Published online Jun 25, 2025. doi: 10.5501/wjv.v14.i2.106479
Revised: April 4, 2025
Accepted: May 7, 2025
Published online: June 25, 2025
Processing time: 116 Days and 12.6 Hours
Treatment response to direct-acting antivirals (DAAs) is a challenging issue and the identification of non-responders patients is very important.
To evaluate the relation between baseline serum levels of hyaluronic acid (HA) and type III procollagen N-peptide (PIIINP) with direct-acting antivirals treatment failure in Egyptian patients with chronic hepatitis C.
Hepatitis C patients (responders and non-responders to sofosbuvir/daclatasvir) were tested for HA and PIIINP using sensitive chemiluminescent immunoassay.

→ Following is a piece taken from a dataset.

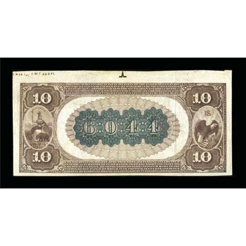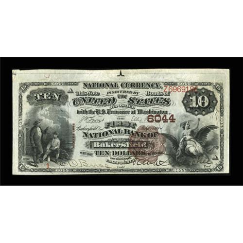<B>Bakersfield, CA</B></I> <B>- </B></I>$10 1882 Brown Back Fr. 490<B> The First NB </B></I>Ch. # 6044<B></B></I><BR> The first of an incredible Brown Back number 1 trio. This comes from a prohibitively rare Bakersfield bank which, despite a census population of eight confirmed pieces, was missing from every great California collection sold in the past twenty years, including both Colver and Horwedel. In fact, the last offering of any note from this bank came when this example was sold by Hickman Auctions as part of the Philip Krakover collection in March of 1990. There John, who was not one to enthuse in print about most notes, called it "A true blockbuster of a note. Rare, choice, and serial number 1, A position with full top margin intact. Pen signed in brown ink by E.D. Buss and Frank S. Rice Vice....One of the highlights of this entire collection. Notes of this caliber are only rarely available and are worth whatever they bring." <B>Extremely Fine-About Uncirculated,</B></I> a spectacular note from the very last bank in the state which could have issued Second Charter examples. <BR><BR><b>Shipping:</b> Coins & Currency (<a target="_blank" href="http://www.heritageauctions.com/common/shipping.php">view shipping information</a>)

There were distinctly higher PIIINP (P = 0.0003) and HA (P < 0.0001) levels in non-responders than responders patients with a good ability for distinguishing non-responders from patients with sustained virological response (area under the curve = 0.766 for HA and 0.684 for PIIINP). Logistic regression analysis revealed that the HA × PIIINP is the model with the highest predictive ability (area under the curve = 0.809). Diagnostic performances were superior to each marker alone with good sensitivity (74.7%), specificity (74%), positive predictive (68.3%), negative predictive values (79.6%) and accuracy (74.3%). The multiplication of HA × PIIINP is correlated significantly (P < 0.05) with elevated liver enzymes (r = 0.212), decreased albumin (r = -0.26), elevated aspartate aminotransferase-platelet ratio index (r = 0.223) and elevated fibrosis-4 score (r = 0.216) scores.

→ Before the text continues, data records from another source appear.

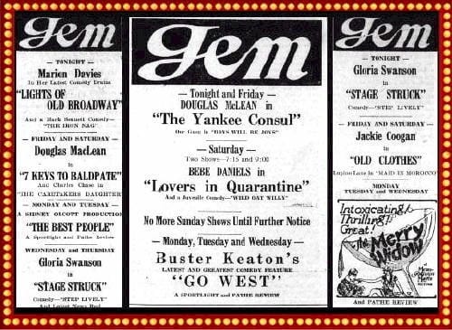 The debate went on over several weeks. In the end, City Council said the 1879 law had been written for stage productions and didn’t apply to movies. Alderman Richard Broad summarized the affair as “much ado about nothing.”
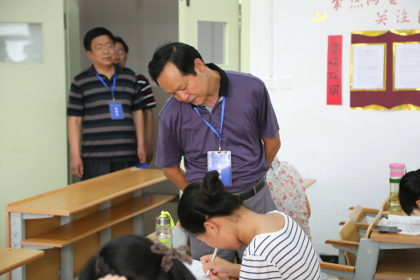 在烟台校区,7月16日和20日,学校领导金鲁明书记、张立祥校长、战文翔副校长和史梅副校长等分别巡视了考场和阅卷现场。
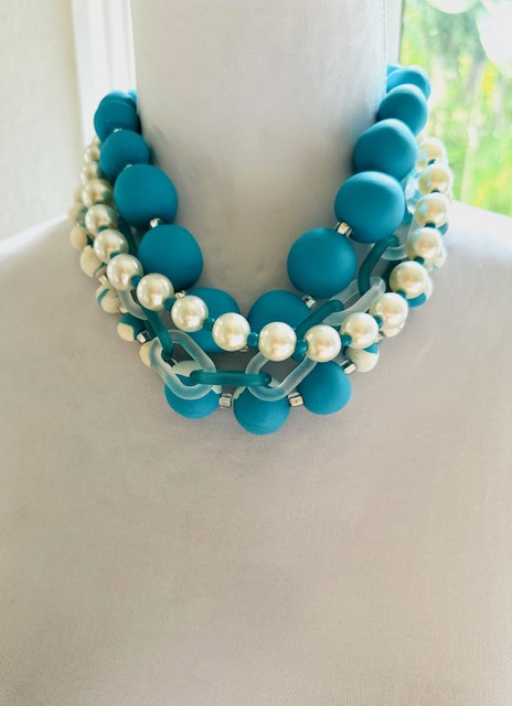 A strand of jumbo hand-sculpted, hand-rolled artist clay beads in turquoise, each one separated by silver Japanese seed beads, is paired with a strand of large and medium hand-rolled, hand-marbleized clay beads. We highlight it with glass pearls with turquoise seed beads, and a separate strand of acrylic links in alternating tones of clear and turquoise. This beautiful four-strand statement piece is one-of-a-kind.

These findings suggested the remarkable role of fibrogensis markers HA and PIIINP in the prediction of hepatitis C virus DAAs treatment response. Multiplying HA with PIIINP values increase the sensitivity to detect treatment success and thus may aim to improve treatment duration and the disease control.
Core Tip: In any medical therapy, treatment response proper prognosis is very important to reduce impacts of the medication and the disease as well. This study highlighted the significant role of hyaluronic acid and type III procollagen N-peptide in the prediction of hepatitis C virus direct-acting antivirals treatment response. Findings revealed that multiplying hyaluronic acid with type III procollagen N-peptide values increase the sensitivity to detect treatment success (74.7% sensitivity, 74% specificity and 74.3% accuracy).

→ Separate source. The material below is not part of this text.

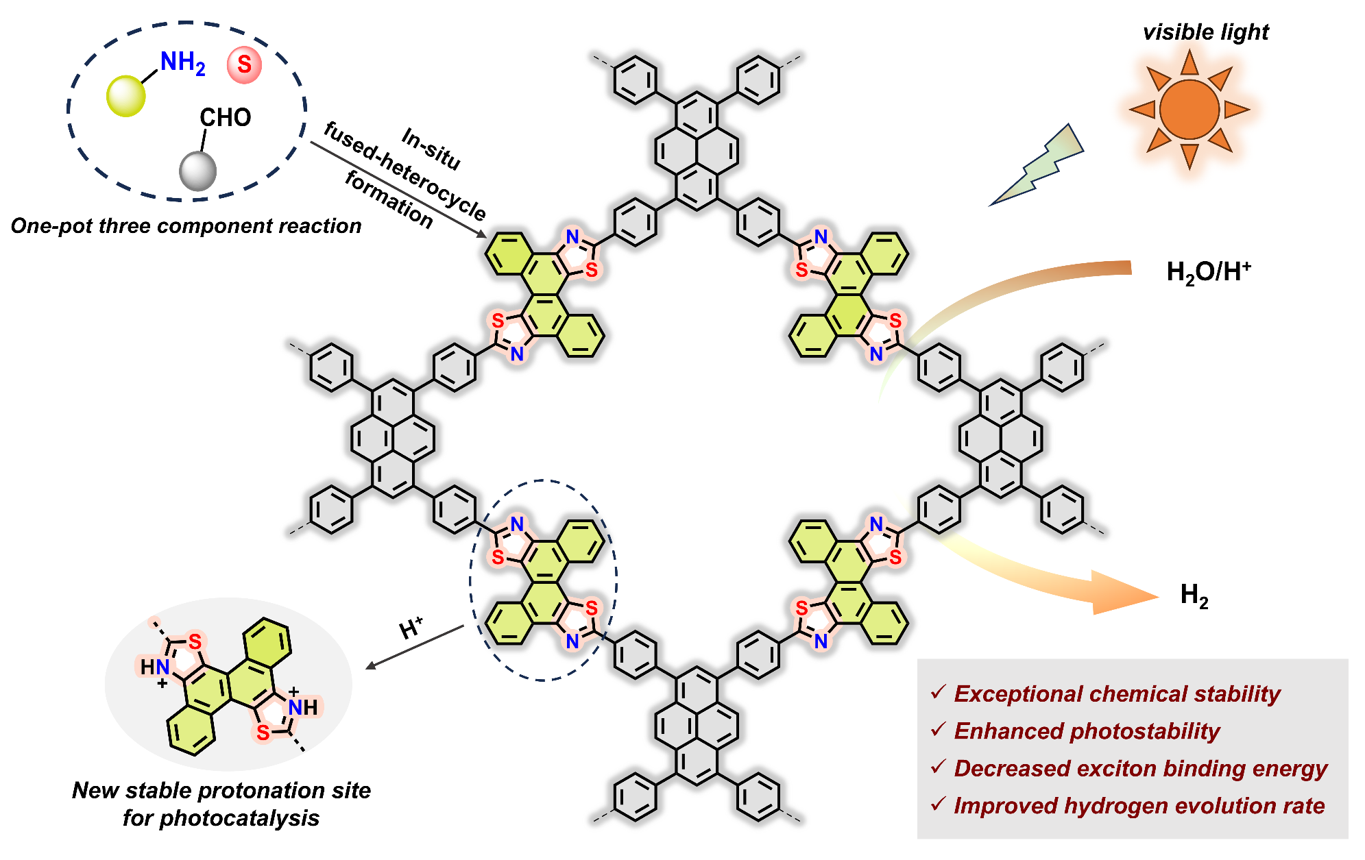 为了系统研究COFs的光化学稳定性,王科伟团队通过一种简便的一锅法三组分反应,构建了四个具有高化学稳定性的杂稠环噻唑连接的COFs(TZ-COFs14–17)。在稠环构建单元中引入的噻唑单元赋予了这些COFs卓越的化学和光化学稳定性。它们在强酸(12 MHCl)、强碱(12 M KOH和1 MMeONa)、还原(1 MNaBH4)和氧化(1 MH2O2)试剂中表现出极高的稳定性,并且在光降解测试中(N2或空气中)展现出卓越的光稳定性。重要的是,与常用的亚胺连接相比,原位形成的噻唑引入了新的、稳定的质子化位点,不仅提高了亲水性,扩大了光吸收范围,还降低了框架的激子束缚能。TZ-COF-17催化的光解水产氢速率高达33.27 mmolg–1h–1,超过了许多已报道的COF光催化剂。该研究对COFs材料的光稳定性进行了系统研究,对其在光催化领域的应用具有十分重要的科学意义。

- Citation: Abdelrazek MA, Elghwab AI, Tabll AA, Elsayed EH, El Behery M. Evaluation of hyaluronic acid and type III procollagen peptide as predictors for treatment response to direct-acting antivirals. World J Virol 2025; 14(2): 106479
- URL: https://www.wjgnet.com/2220-3249/full/v14/i2/106479.htm
- DOI: https://dx.doi.org/10.5501/wjv.v14.i2.106479
Based on the World Health Organization, chronic hepatitis C (CHC) infection affects around 58 million people globally and, thus, still a major burden worldwide[1]. Annually, there are about 1.5 million new hepatitis C virus (HCV) cases and 290000 deaths related to HCV infection[2]. HCV related chronic hepatitis may causes inflammations ranging from minor ailments to stubborn, severe disorders involving liver fibrosis, cirrhosis and hepatocellular carcinoma[2].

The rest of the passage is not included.